▸ **SOURCE INFORMATION**
== Segment start ==

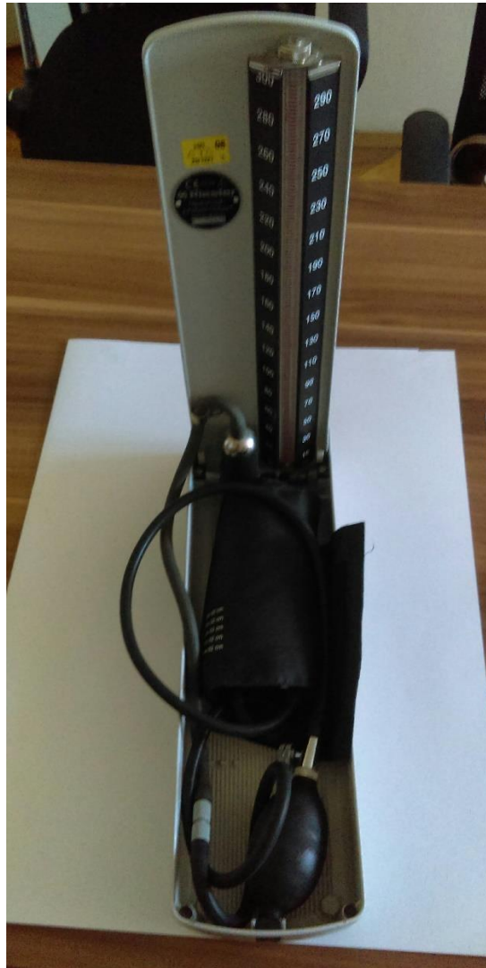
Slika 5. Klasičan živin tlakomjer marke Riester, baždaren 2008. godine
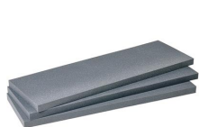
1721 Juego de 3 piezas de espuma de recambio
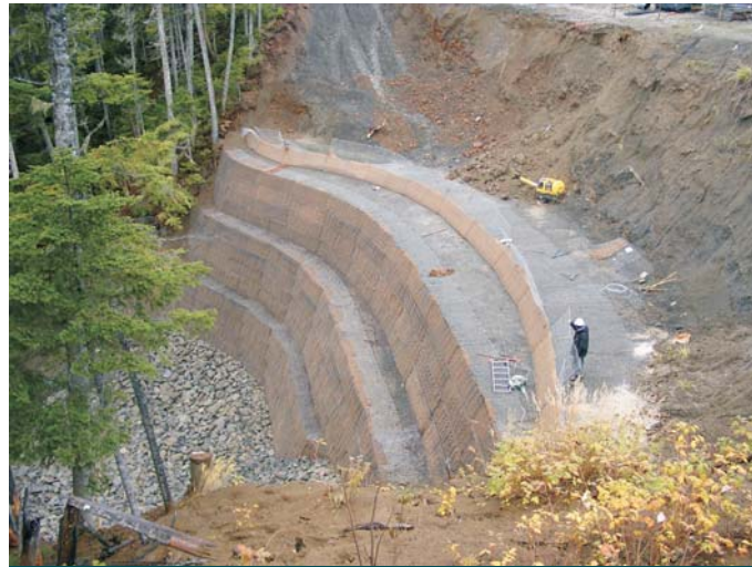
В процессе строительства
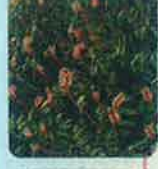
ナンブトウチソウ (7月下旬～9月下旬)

== Segment end ==
== Segment start ==

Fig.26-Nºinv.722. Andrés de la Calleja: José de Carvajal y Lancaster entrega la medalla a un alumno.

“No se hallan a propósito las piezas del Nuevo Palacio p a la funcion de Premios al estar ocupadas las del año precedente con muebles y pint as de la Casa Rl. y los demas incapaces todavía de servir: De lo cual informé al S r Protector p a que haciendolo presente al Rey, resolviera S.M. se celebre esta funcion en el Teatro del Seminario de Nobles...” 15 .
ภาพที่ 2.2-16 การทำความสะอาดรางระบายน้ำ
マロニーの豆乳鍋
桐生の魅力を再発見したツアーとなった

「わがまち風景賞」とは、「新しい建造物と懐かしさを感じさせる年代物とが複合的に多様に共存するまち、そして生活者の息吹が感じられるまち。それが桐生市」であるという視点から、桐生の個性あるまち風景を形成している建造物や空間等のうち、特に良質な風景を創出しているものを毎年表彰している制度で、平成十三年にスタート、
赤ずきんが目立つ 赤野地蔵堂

== Segment end ==

▸ **TASK TO CARRY OUT**
Although the records above contain pictures, the copy must not; set down exactly the lines from the one with "Slika 5. Klasičan" up to and including the one with "ナンブトウチソウ (7月下旬～9月下旬)".

▸ **COMPLETED EXERCISE**
Slika 5. Klasičan živin tlakomjer marke Riester, baždaren 2008. godine
1721 Juego de 3 piezas de espuma de recambio
В процессе строительства
ナンブトウチソウ (7月下旬～9月下旬)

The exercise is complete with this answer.